** Stored data follows **

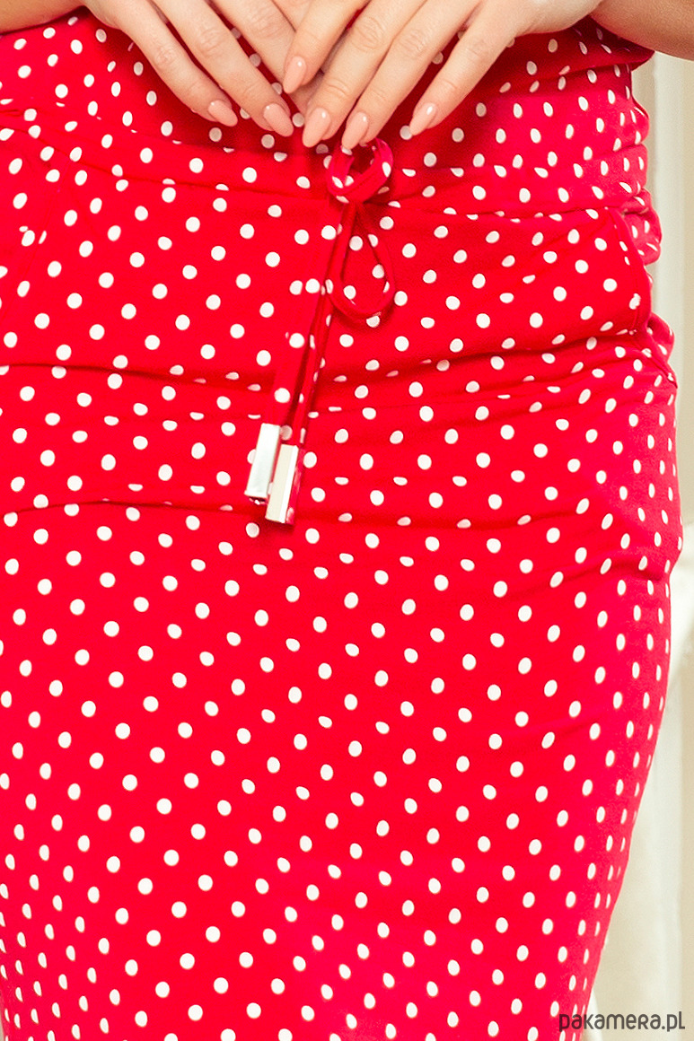 Sportowa sukienka z rękawkiem 3/4 i kieszonkami - czerwona w groszki. Produkt polski. Wykonana z przyjemnego w dotyku elastycznego materiału - wysokiej jakości polska wiskoza. Marka numoco.
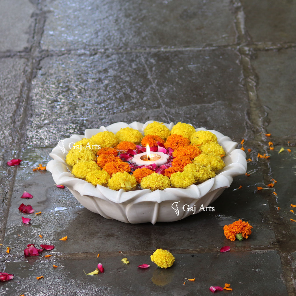2. Marble Flower Bowl, Flower Floater, Uruli, Home decoration, decorative Marble Flower Bowl, Shaped in a lovely flower. The intricacy of carving is incredible with all features clearly visible. It can be placed in Pooja room before the idols. It can also be placed right in the living room well complemented by other décor items and related interior design accessories or place in the balcony or entrance area to enhance peace of mind at home and office. It’s a charming item that could be a unique addition to your home, office, or special gift.
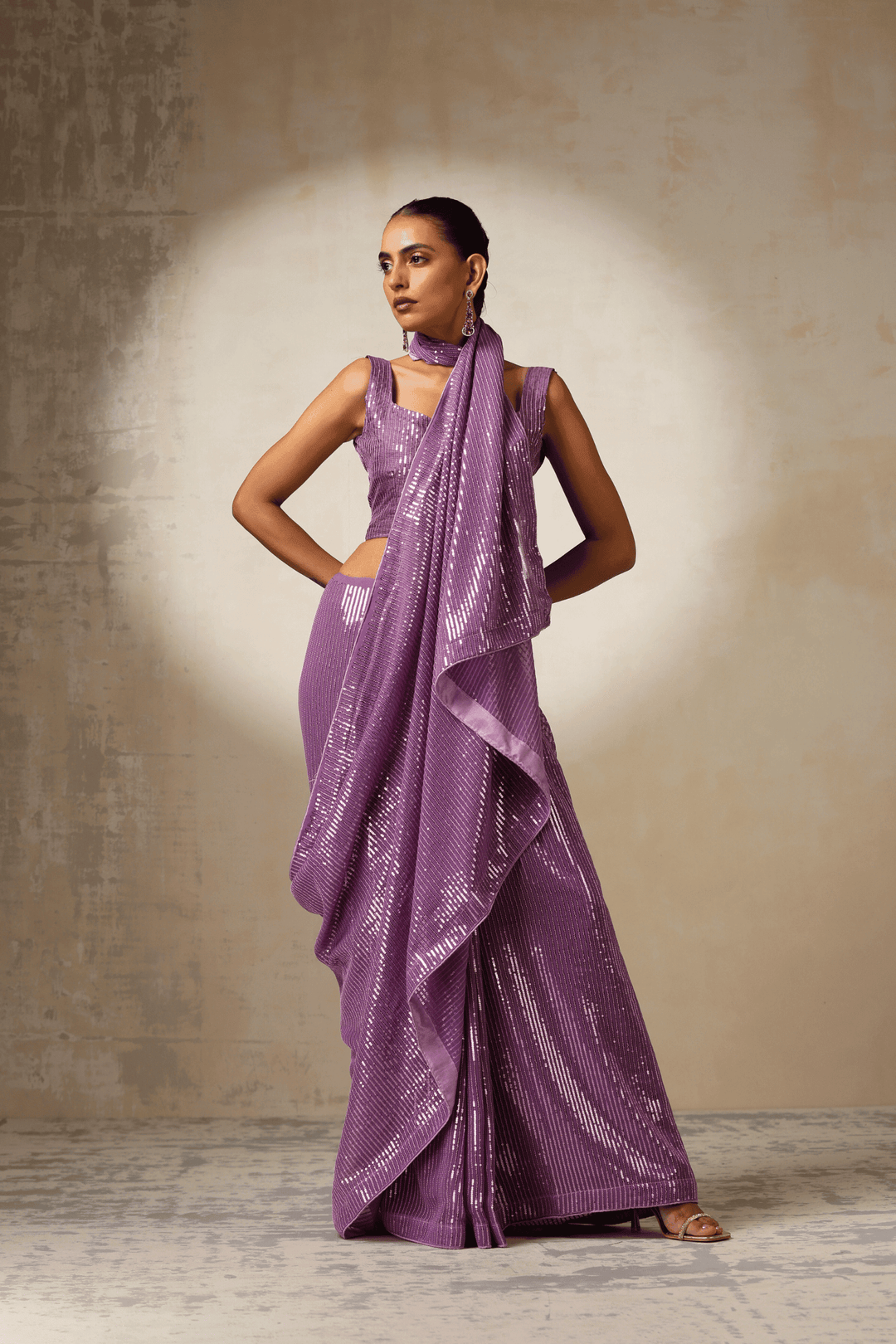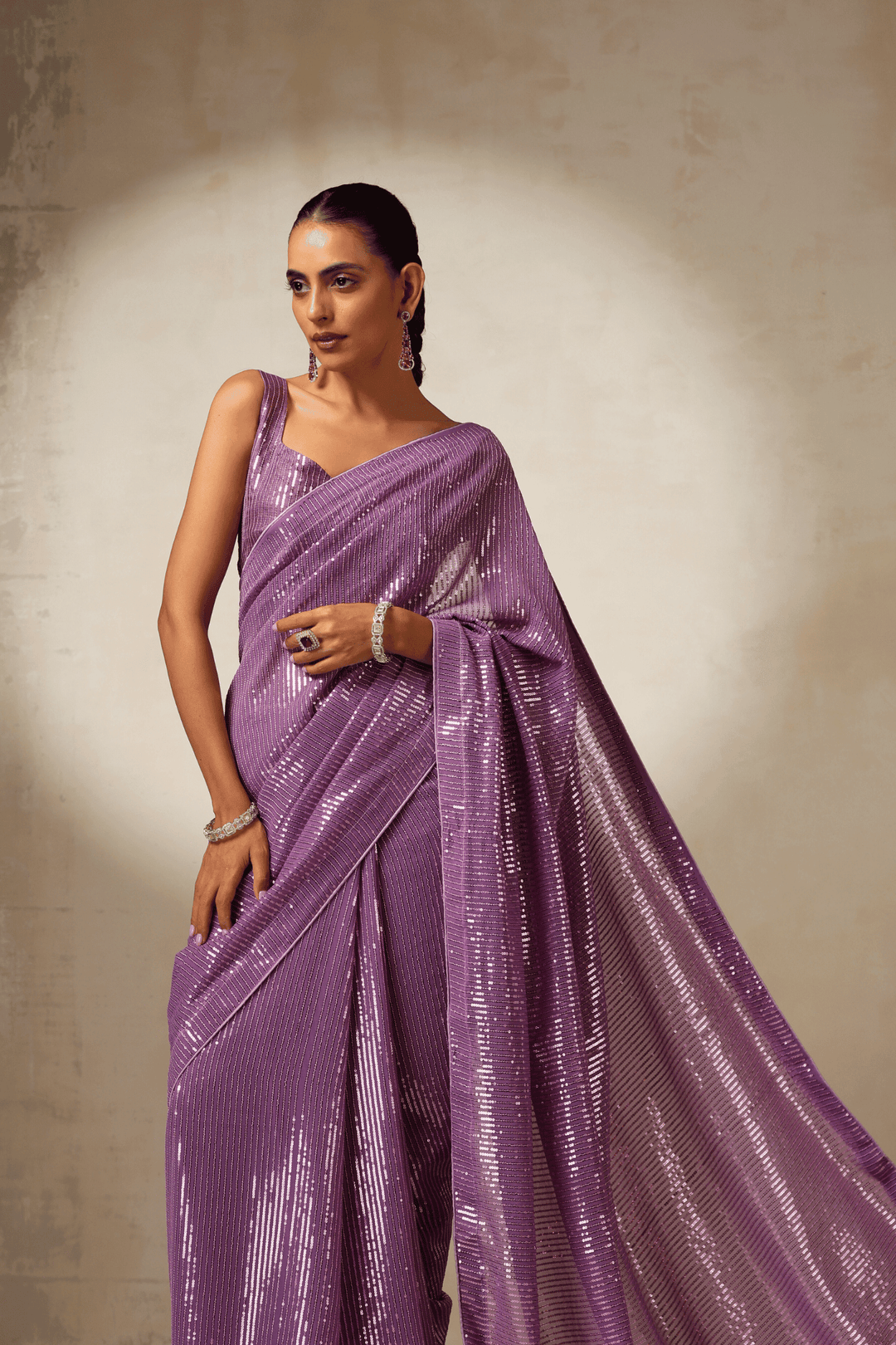 Lavender Lush | Ready to Wear Lilac Sequins Saree
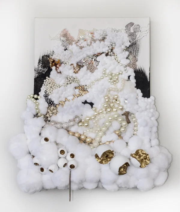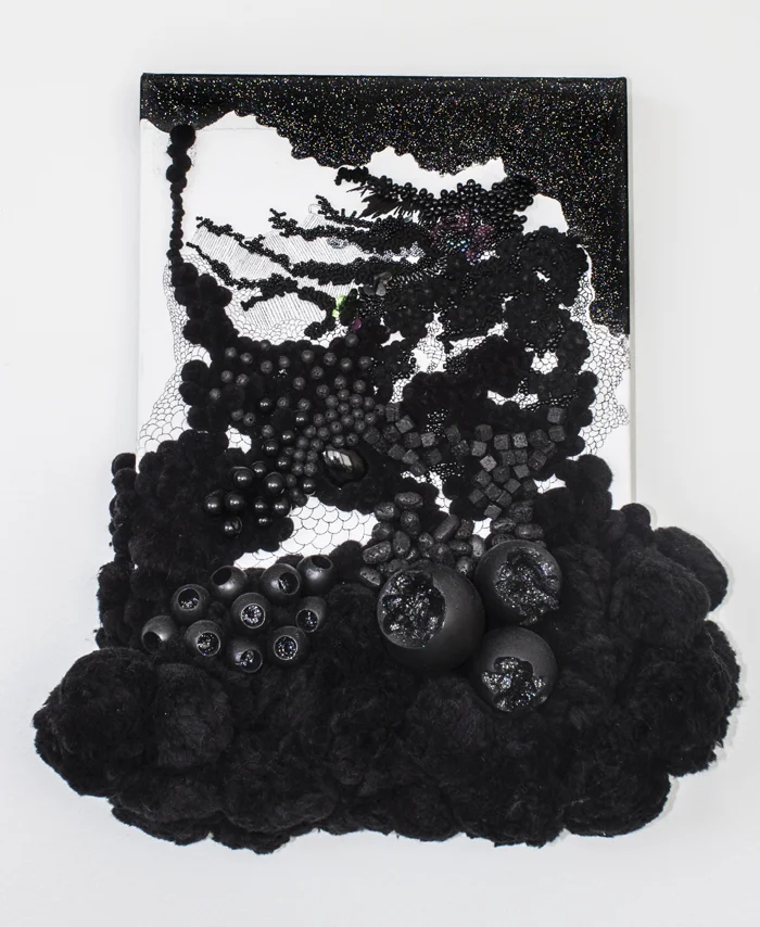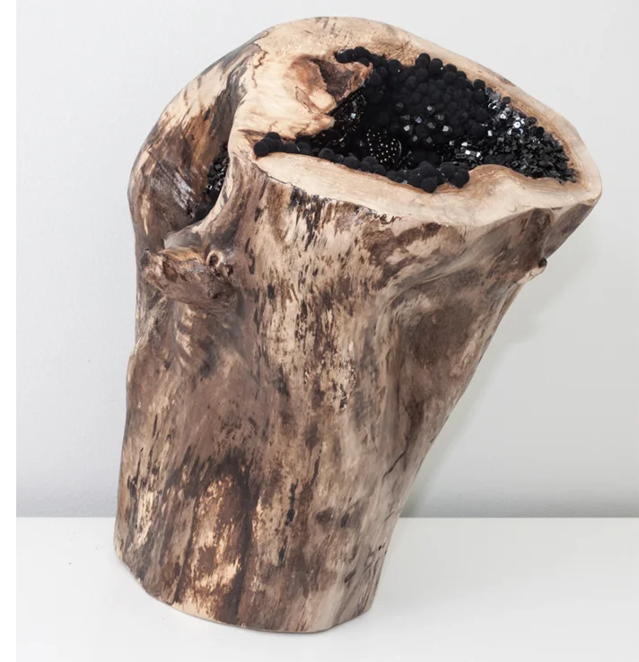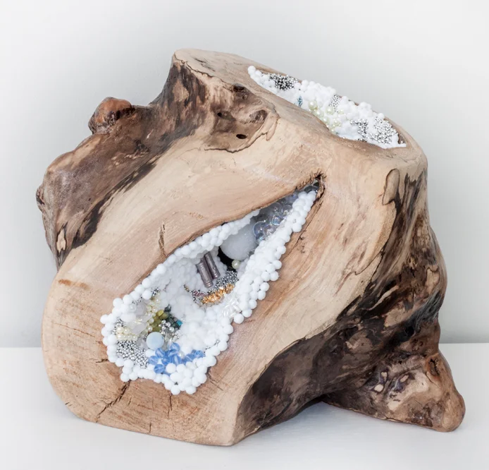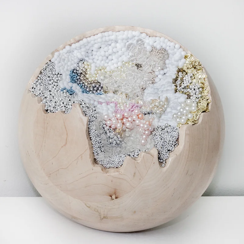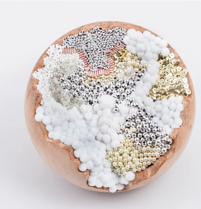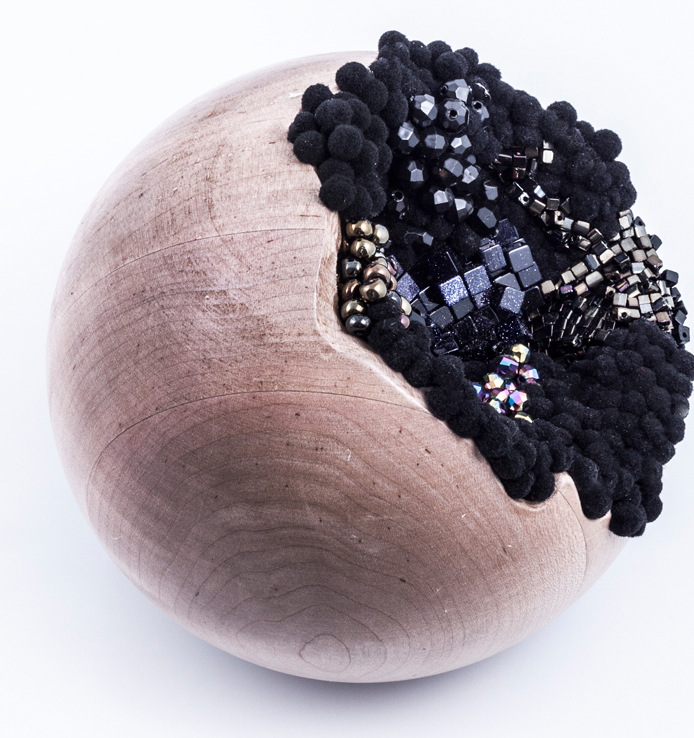 SAGAN DRUYAN 1, 2012, solid maple sphere carved and embedded with hand embroidered beads, pearls, sequins, and poms, 12 x 12 inches

** End of Stored data **

_The problem_.
Begin the copy at the line containing "2. Marble Flower" and end it at the final line of the material above, reproducing each line exactly and omitting pictures.

_Written response_.
2. Marble Flower Bowl, Flower Floater, Uruli, Home decoration, decorative Marble Flower Bowl, Shaped in a lovely flower. The intricacy of carving is incredible with all features clearly visible. It can be placed in Pooja room before the idols. It can also be placed right in the living room well complemented by other décor items and related interior design accessories or place in the balcony or entrance area to enhance peace of mind at home and office. It’s a charming item that could be a unique addition to your home, office, or special gift.
 Lavender Lush | Ready to Wear Lilac Sequins Saree
 SAGAN DRUYAN 1, 2012, solid maple sphere carved and embedded with hand embroidered beads, pearls, sequins, and poms, 12 x 12 inches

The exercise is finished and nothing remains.